1:30 p.m. - 2.30 p.m.
on any day for this purpose, except Sundays and holidays
W.S         J. H. Warden (Major)
8 - 12- 01


The undersigned, Marthinus Johannes Wolmarans, Commandant of the District Potchefstroom Z.A.R., hereby declare that, the above notice having been made known, I have been summoned by the Colonel because I do not wish to comply with the [Census] notice.

The Colonel assured me that the Census was only intended to allow the PoWs to register in order to receive compensation after the war, for any damages suffered by them. So as not to answer any questions, I became stubborn and he said he was only interested in whether I was a permanent resident of the Z A R [Transvaal]. I refused thereafter to answer any questions, stating that I had nothing more to say. I left the office and instructed my fellow officers and the burghers not to comply with the summonses.

Despite this, many of them were, in their own words, summonsed to the Census office on the sly and forced to comply with the notice.

I can further state that the Census has become a total failure.

M J Wolmarans
Commandant: Distr: P C Stroom Z.A.R.


Those who find themselves unexpectedly in the Census office with no good reason, answer the first two questions, while those who are against [the census] [are to] say "you have taken our names so many times already that I do not want to do it again" and walk away.

Some other answer the 4th question "How do I know if I am still married, or if I still have a wife and children? Your censors have torn up our letters for months and months." One even answered "Yes, I was married. But your nation murdered my wife and that is all I have to say".

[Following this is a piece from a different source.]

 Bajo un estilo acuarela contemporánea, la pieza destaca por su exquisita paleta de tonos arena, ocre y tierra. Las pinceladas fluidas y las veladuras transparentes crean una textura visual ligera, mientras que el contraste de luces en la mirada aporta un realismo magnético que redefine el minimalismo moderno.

When it came to the sixth question, the answer was generally "How can I as a PoW say, after sitting for two years on St Helena having been banished. Besides which it does not concern you, I will determine the damages once I am in my own country and apply to my own government for compensation."

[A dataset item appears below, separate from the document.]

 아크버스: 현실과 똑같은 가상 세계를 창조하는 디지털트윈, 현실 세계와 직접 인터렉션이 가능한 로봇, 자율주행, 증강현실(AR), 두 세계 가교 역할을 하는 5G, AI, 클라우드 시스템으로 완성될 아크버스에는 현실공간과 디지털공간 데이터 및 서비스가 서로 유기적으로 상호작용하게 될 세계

These and similar answers were patiently received by the Censor. It did not take long before nobody went into the office any more. Eventually the English abandoned the effort and no more was said [about it] in either Broad Bottom nor Deadwood.

Census notification pg5
Page 5

2nd Call for the proposed Census in Deadwood Camp


Now that peace has been proclaimed in South Africa, Prisoners of War are requested to come to this office at 10 a.m. daily, for the purpose of giving particulars required for the Personal Registers
These particulars are required solely in the interests of the P.O.W. themselves, with a view to a speedy return to their homes.

W.S         J.W.Hind. (Lt Col)
Deadwood 4.6.'02


The undersigned, Marthinus Johannes Wolmarans, Commandant of the District Potchefstroom Z.A.R., hereby declare that I was once again summoned by the Colonel to attend on 4th June 1902 because he wanted my opinion on last year's cancelled Census. He had received orders to reinstate the census.

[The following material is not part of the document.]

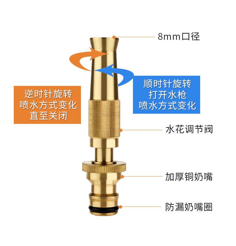 Fábrica de Origen Hogar Lavado de Autos Cobre Recto Pistola de Rociado de Agua Recta Alta Presión Jardín Pistola de Agua Cabezal Boquilla Niple Riego Flor Pistola de Agua

My reply was that the Colonel could well recall that the matter of the Census had almost led to unrest in the Camp, and that the Authorities had been forced to acknowledge the failure of the census. I gave my opinion that, as much as the census had failed the previous year, it would be unlikely to achieve any good end this time. Many [burgers] had given me the assurance that, they were NOT going to comply with the census, whether the English succeeded in conquering our country, or whether our Government were the winning party; only once they were [back] in their country would they go to the appointed offices, surrounded by their wives and fellow citizens who could agree the actual damages, but not now, after almost 3 years of being absent from our properties. I would advise you not to undertake this hapless exercise because it will not succeed. The Colonel thanked me for my candid opinion, saying he still had his orders and he would have to "try" to do what he could. In addition, while the first Census had been tried during war, he could not believe that the burghers would object in peace time. My answer was that now that there was peace, the burghers were all of the opinion that they wanted to see for themselves how things were running under the new rulers. The interview came to an end and within a few hours the "notice" was placed on display.

M J Wolmarans
Commandant: Distr: P C Stroom Z.A.R.